Luciferases belong to a diverse class of bioluminescent molecules commonly exploited as genetic reporters both in vivo and in vitro.^(1,2) Since its initial cloning by de Wet et al. in 1985,⁽³⁾ firefly luciferase (FLuc), from the North American firefly (Photinus pyralis), has become the most popular bioluminescent molecule used in bioanalytical assays. FLuc is ∼62 kDa^(3,4) and is comprised of N-terminal and C-terminal domains consisting of alpha+beta sheet structures, linked by a flexible hinge-like region near the active site of the enzyme.⁽⁵⁾ FLuc catalyzes the oxidation of d-luciferin in the presence of ATP, Mg²⁺, and O₂, resulting in the emission of predominantly yellow–green light, with a peak emission wavelength between 550 and 580 nm at 25°C and an optimal pH of 7.8.^(6–8) Light-sensitive applications (e.g., illuminometers, charge-coupled device [CCD] cameras, etc.) are able to detect the photons emitted by the enzyme–substrate reaction. FLuc autofluoresces in the absence of substrate, but emits minimal light and, therefore, little background fluorescence. This affords accurate quantification of minute amounts of the active enzyme, resulting in high FLuc assay sensitivity.⁽⁹⁾ In addition to the high sensitivity of FLuc-based bioluminescent assays, assays can also be dynamic due to the relatively short half-life of FLuc (∼3 hours in mammalian cells) compared with luciferases produced by other organisms.^(2,10) An excellent example of how the sensitivity and dynamic nature of FLuc have been exploited is its application to bioluminescent imaging (BLI) in vivo.
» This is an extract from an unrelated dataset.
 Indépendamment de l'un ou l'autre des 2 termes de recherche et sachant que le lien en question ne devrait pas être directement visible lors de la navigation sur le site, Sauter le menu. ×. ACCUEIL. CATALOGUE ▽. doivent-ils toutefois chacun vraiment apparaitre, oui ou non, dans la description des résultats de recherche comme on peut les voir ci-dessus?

BLI allows the location and quantification of cells expressing the FLuc reporter gene within living organisms. FLuc can be visualized multiple times by CCD cameras as long as fresh substrate is provided. This noninvasive technique is evolving into a common way to track disease progression and responses to treatment in models, such as mice, of pathogenic microorganisms, and tumorigenesis.^(11–14) However, the resolution of BLI in vivo is far lower than that of immunostaining and immunohistostaining of reporter proteins. Combining the two technologies, however, is synergistic.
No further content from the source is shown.